White House press secretary Jen Psaki responded to a pair of proposals from Senate Minority Leader Mitch McConnell to avert a default on the debt limit Wednesday, telling reporters, “We could get this done today, we don't need to kick the can, we don't need to go through a cumbersome process that every day brings additional risks.”
Psaki told reporters Wednesday, “there's been no formal offer made — a press release is not a formal offer, adding “even the scant details that have been reported present more complicated more difficult options than the one that is quite obvious in the President's view, and it's in front of the faces of every member up on the Hill.”
Some more context: In a statement on Wednesday, McConnell said that Republicans have "already made it clear" that they would "assist in expediting" a process known as reconciliation, which would allow Democrats to raise the debt limit without GOP votes. Democrats have been generally opposed to that idea, however, calling it too unwieldy, time-consuming and risky.
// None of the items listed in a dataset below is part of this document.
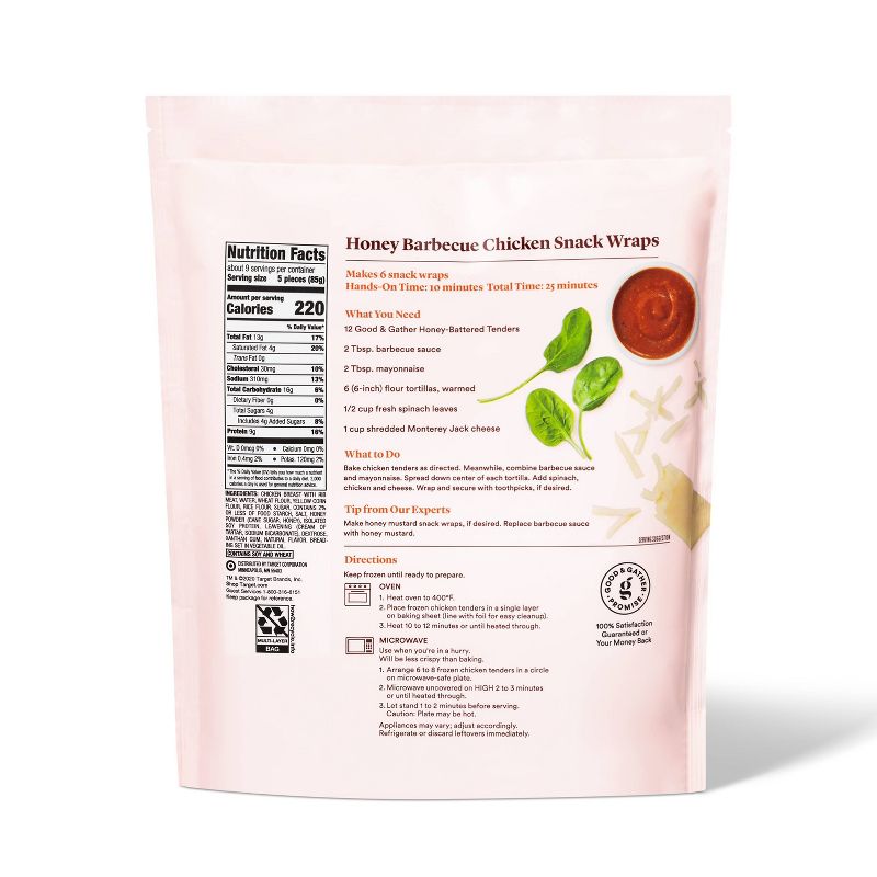 Whether you're simply looking for a satisfying snack or lunch, Good & Gatherâ„¢ Honey Battered Chicken Breast Tenders offer an easy way to enhance lunches, dinners and those in-between snacking needs. These shaped, battered chicken breast patties with rib meat are made with white meat chicken, raised with no added hormones or steroids* and no antibiotics ever. Fully cooked and ready to heat and serve so you can spend less time cooking and more time enjoying these tenders. Whether you dip them in some barbecue sauce for a simple snack or toss them on top of a salad of leafy greens and your other favorite toppings, you'll love adding these fully cooked chicken tenders to your routine.
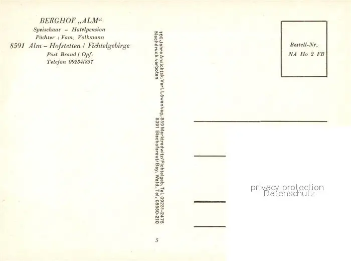 Hofstetten_Hilpoltstein Kategorie Alte Ansichtskarten Postkarten bx63016 Hofstetten_Hilpoltstein Berghof Alm Hofstetten_Hilpoltstein postalisch nicht gelaufen nach 1965 Erhaltung siehe scans [KathaD81]
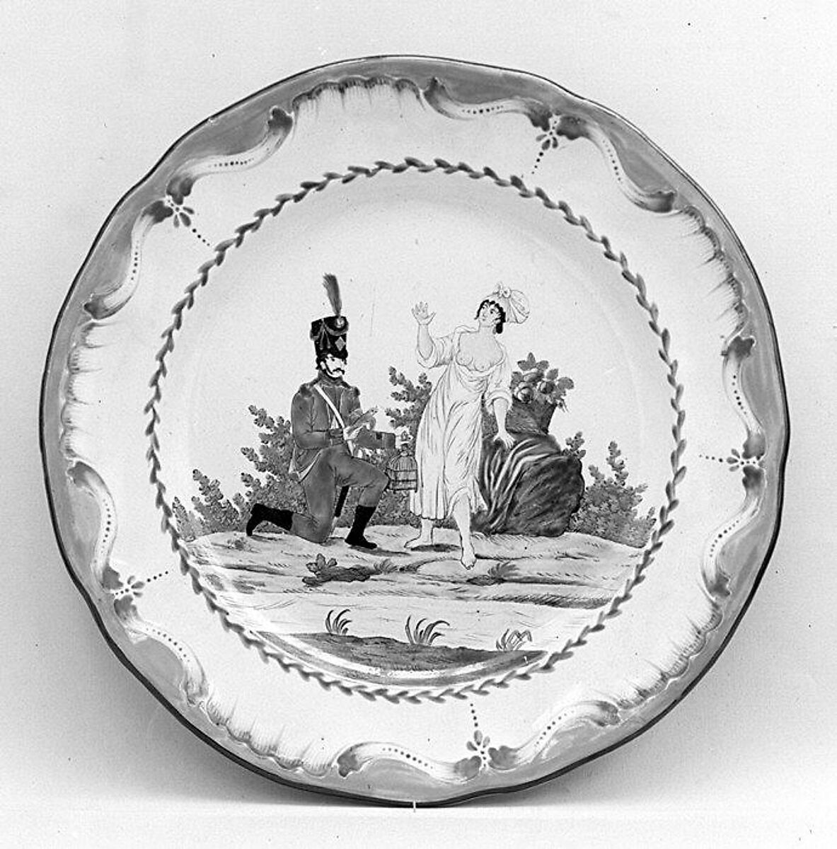 While faience can be created from a wide mixture of clays, it is foremost distinguished by the milky opaque white color achieved by the addition of tin oxide to the glaze. French faience is typically divided into two types. Grand feu (high fire) describes pieces that have been decorated with glaze and metallic oxides before being fired a single time at a high temperature of around 1650°F (900°C). Petit feu (low-fire) faience, developed in the second half of the eighteenth century, refers to a process whereby the clay body is fired before being glazed and decorated with metallic oxides and then fired again at a lower temperature; pieces can also go through a third firing. Grand feu pieces have a more limited color palette that consists of blue, yellow, brown-purple, and green. By contrast, the lower firing temperature of petit feu faience enabled both greater precision in painting techniques and variety in the range of colors.
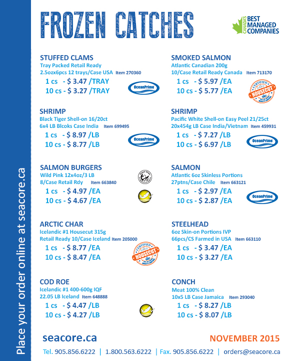Stuffed Clams, Smoked Salmon, Smoked Atlantic Salmon, Salmon Burgers, Salmon Portions, Arctic Char, Shrimp, Steelhead, Cod Roe, Conch
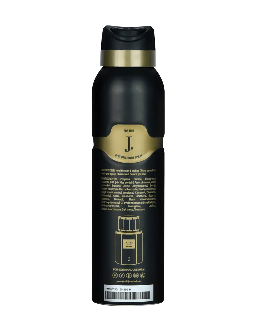 J. Junaid Jamshed Body Spray Janan Gold blends fresh woody bergamot notes with juicy hints of red apple and pineapple, layered over a complex heart of white florals, patchouli, leather, smokey, and oakmoss. This energizing fragrance in a convenient 150ml bottle is perfect for daily wear, leaving you feeling vibrant and self-assured wherever you go.
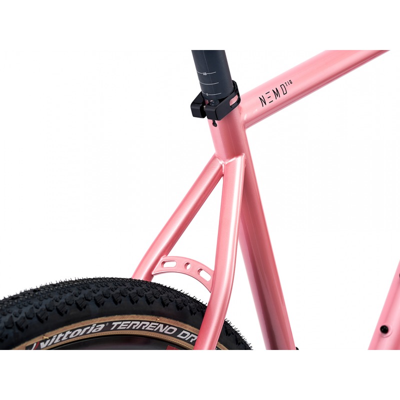 Nemo Gravel reprezentuje nasz najbardziej hybrydowy i wyprawowy rower szutrowy w historii, w całości wykonany ręcznie przez konstruktora ram Cinelli w siedzibie głównej w Mediolanie przy użyciu niestandardowych potrójnie cieniowanych rur wykonanych przez siostrzaną firmę Columbus, mniej niż 100 metrów od warsztatu budowy ram. Nieustannie udoskonalany przez roczny okres testów przez kolarzy, w tym byłych mistrzów świata UCI, legendy kurierów NYC, profesjonalnych snowboardzistów i wielu innych sportowców dążących do ponownego zdefiniowania granic tego, czym może być kolarstwo szutrowe, Nemo Gravel charakteryzuje się przede wszystkim całkowicie przeprojektowaną geometrią, oponami o rozmiarze 700 x 47 mm i zastosowaniem widelca HiRide Sterra o skoku hydraulicznym 20 mm. Wszystkie te cechy składają się na rower, który jest gotowy do stawienia czoła najbardziej ekstremalnym zawodom na świecie i przygodom szutrowym.
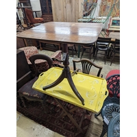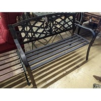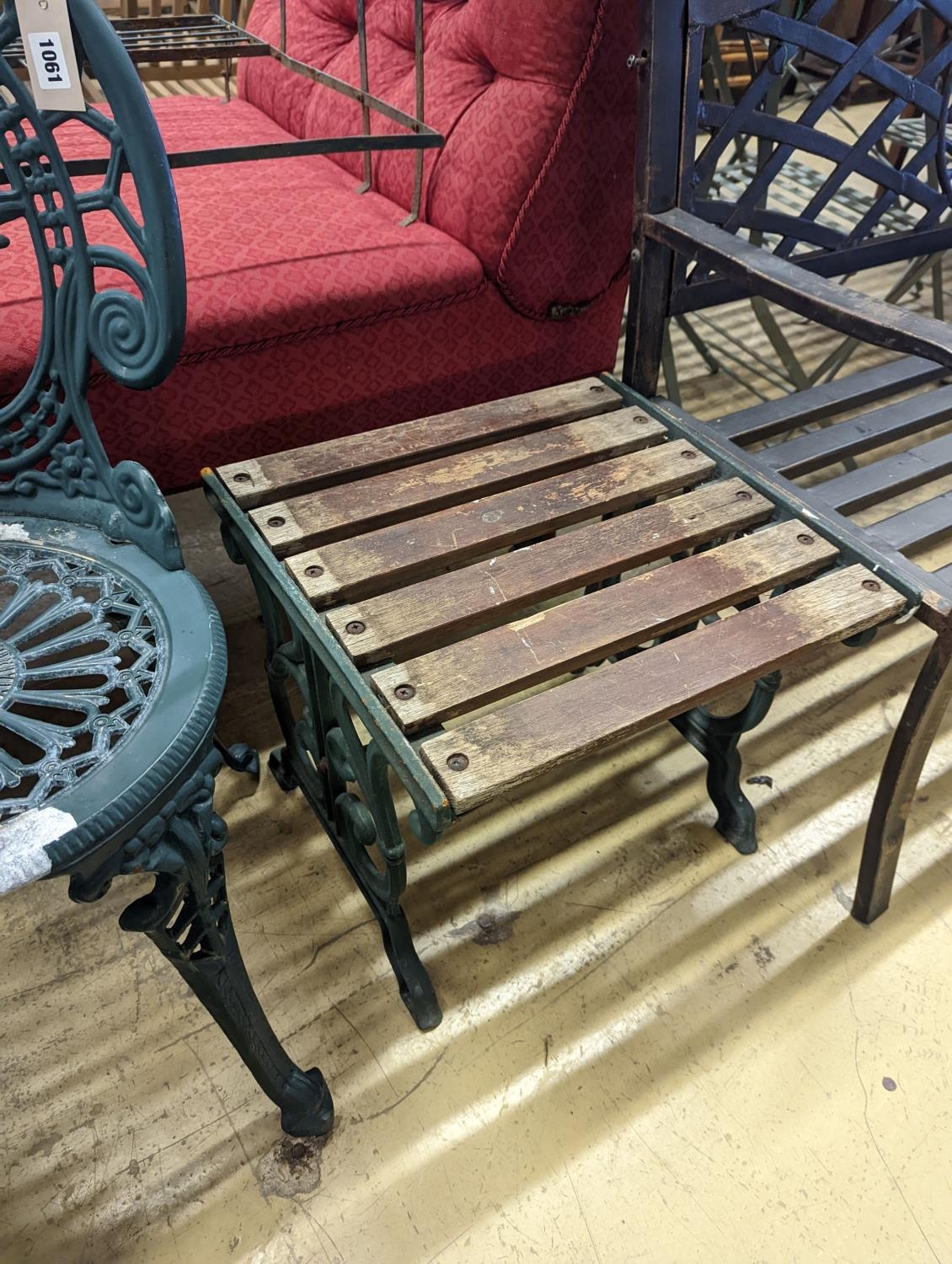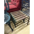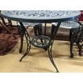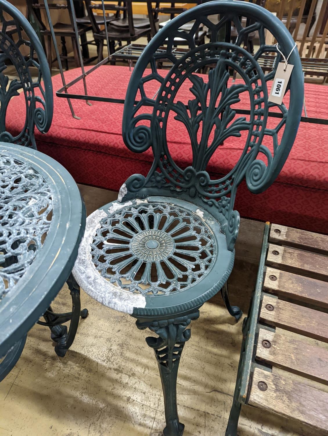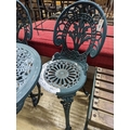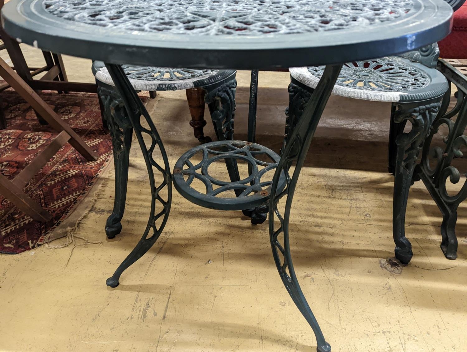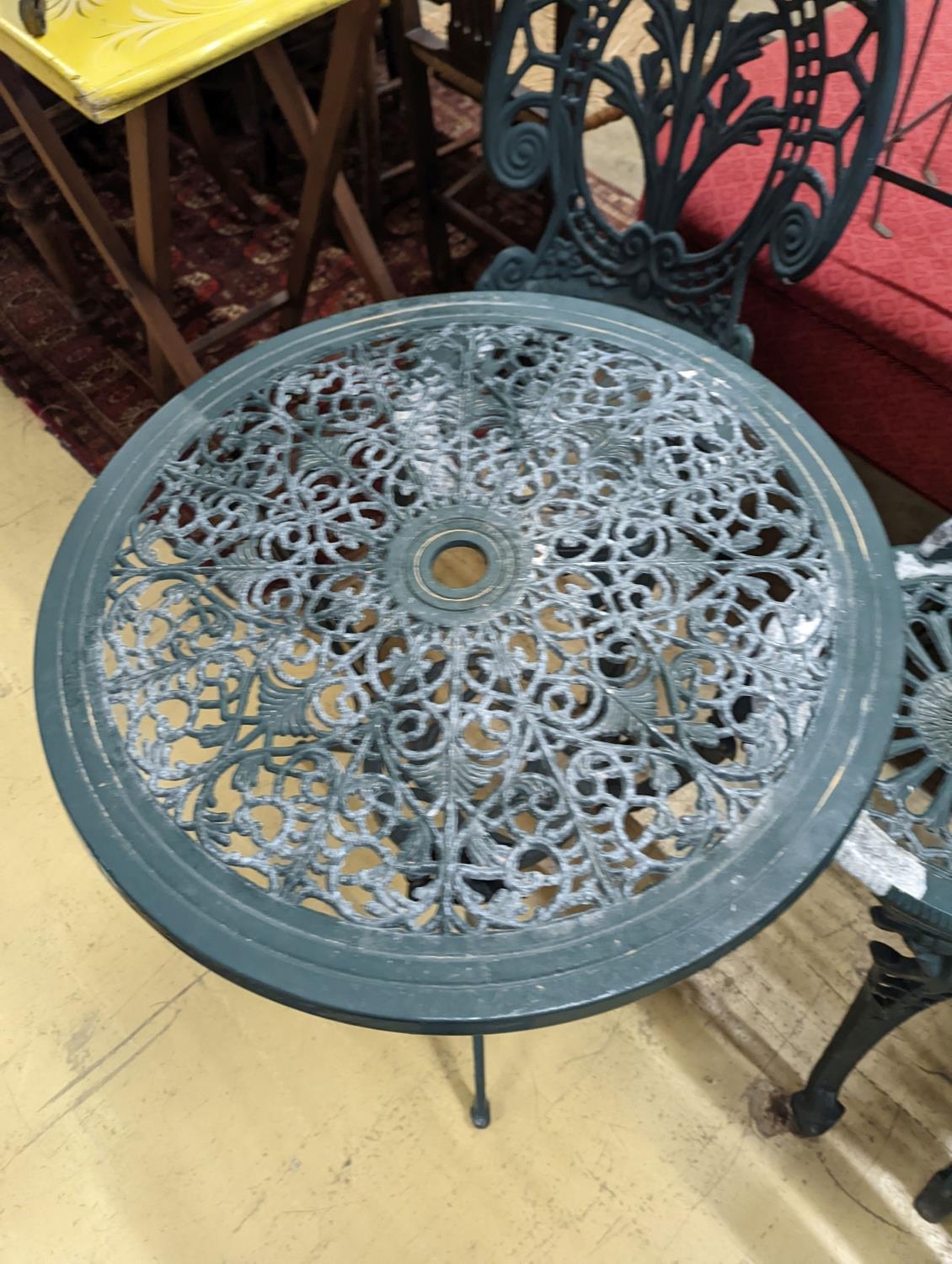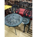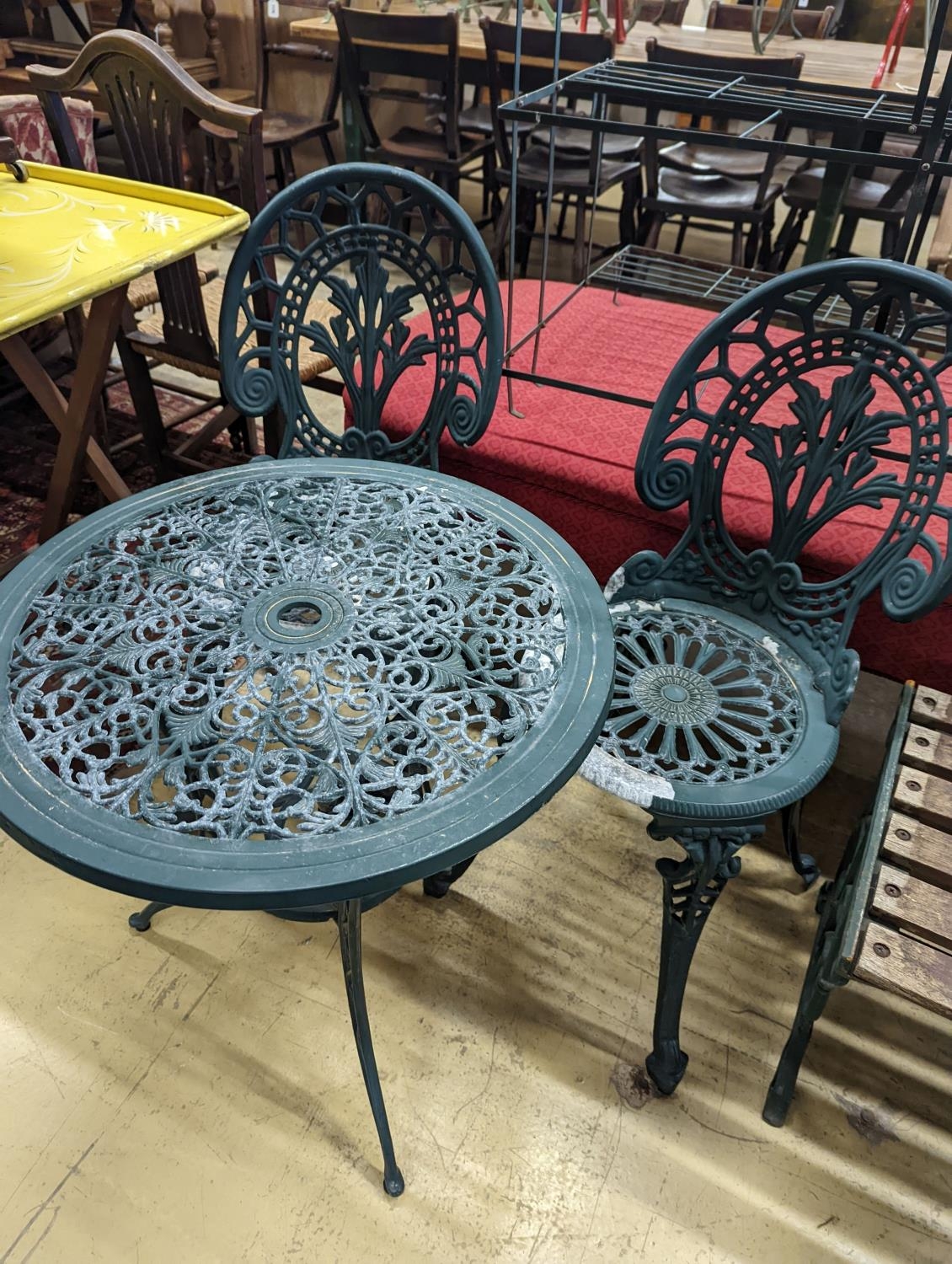 A circular painted aluminium garden table, diameter 60cm, height 62cm together with two chairs
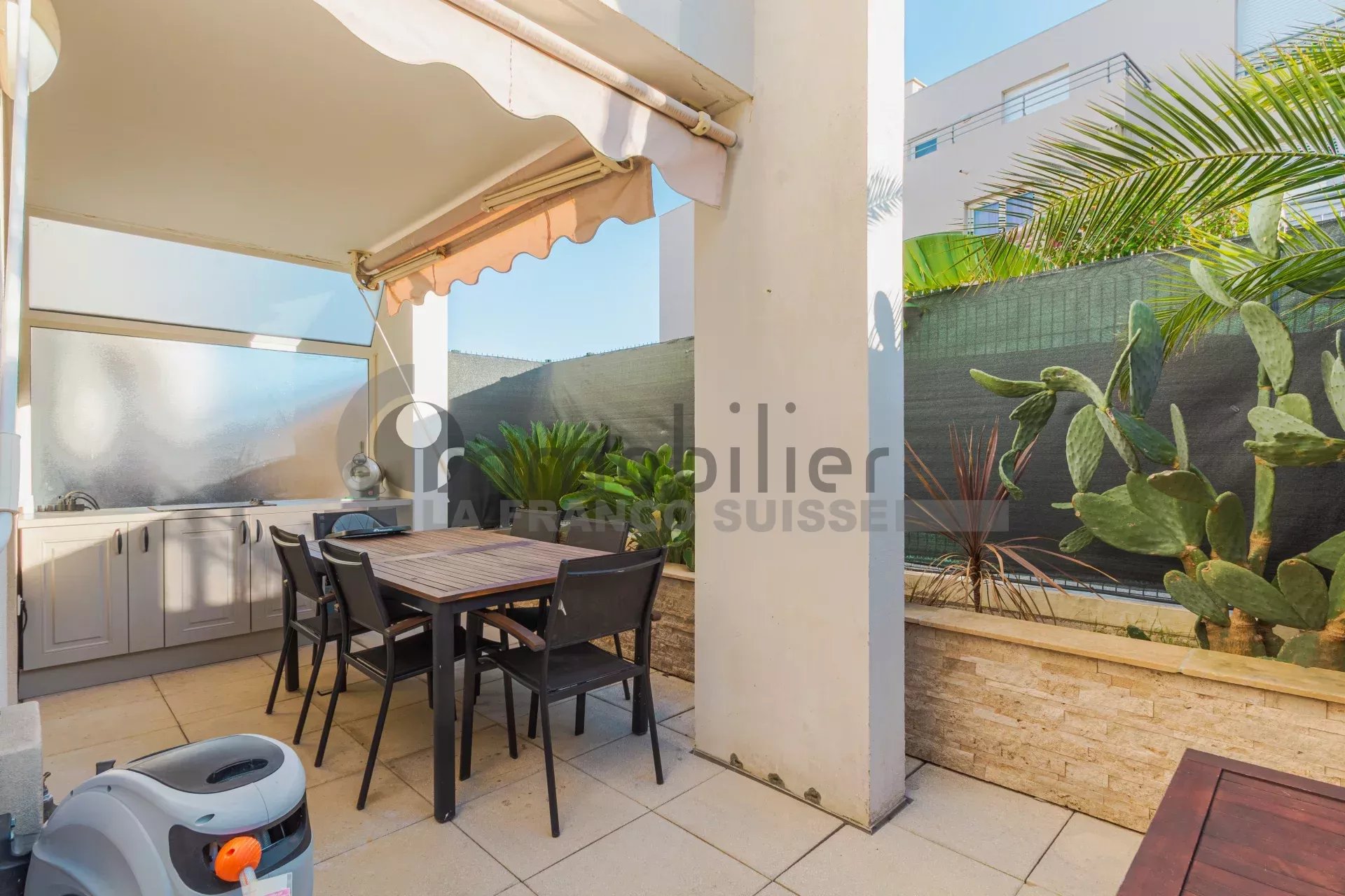 Saint-Laurent-du-Var, idéalement situé dans un dans un quartier calme et résidentiel, à proximité immédiate des commerces, de la gare, de Tzanck, et à quelques minutes à pied de la mer, du port et de Cap 3000.
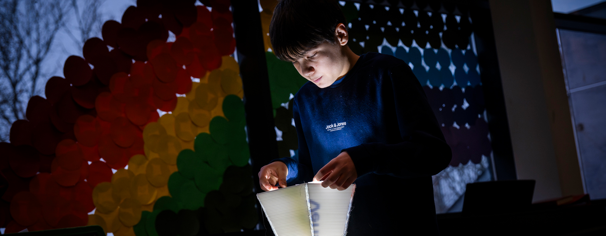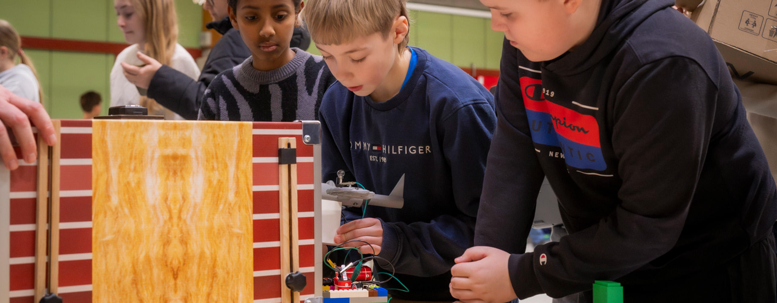 Hallen summer af spænding og glæde. Elever fra Skægkærskolen og andre skoler i Silkeborg Kommune kommer med favnene fulde af plancher, papmache og papir. Hver skole har et bord, som de fylder op med ekstra materialer, modeller af myrer, lamper, ventilatorer og tårne.
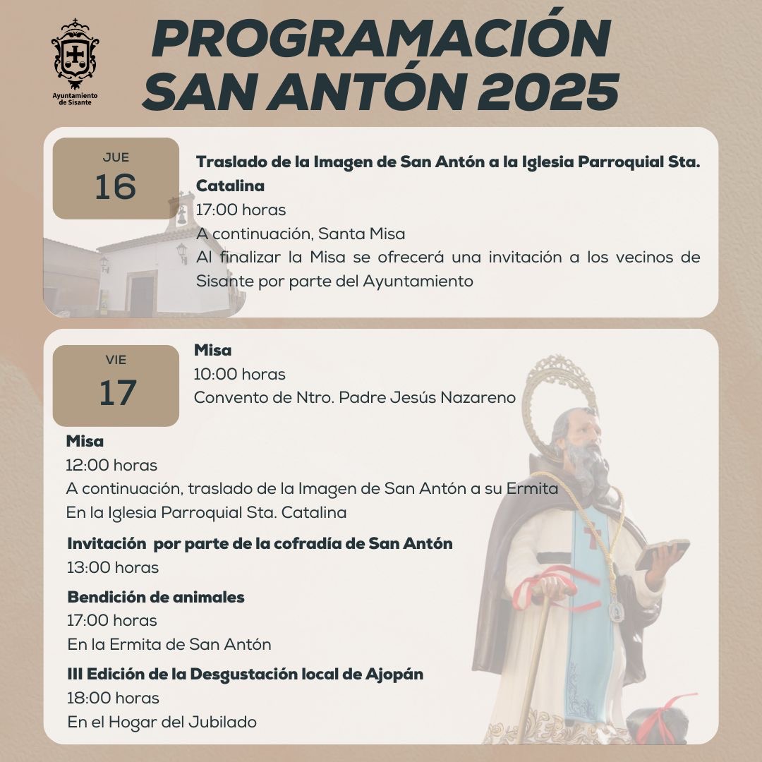 𝐏𝐑𝐎𝐆𝐑𝐀𝐌𝐀𝐂𝐈𝐎́𝐍 𝐒𝐀𝐍 𝐀𝐍𝐓𝐎́𝐍 𝟐𝟎𝟐𝟓 Desde la Concejalía de Tradiciones del Ayuntamiento de Sisante te compartimos la programación completa de los actos organizados para celebrar la festividad de San Antón, patrón de los animales. Jueves 16 …

In addition to that, McConnell said that Republicans "will also allow Democrats to use normal procedures to pass an emergency debt limit extension at a fixed dollar amount to cover current spending levels into December."
The Senate had been slated to take a procedural vote later in the afternoon on whether to advance a House-passed bill to suspend the nation's debt limit until December 2022, and Republicans had been expected to block the measure.
Psaki told reporters at Wednesday’s briefing that the White House will “obviously be in close touch with them as we will continue to be, and we'll see where we where we are at the end of today.”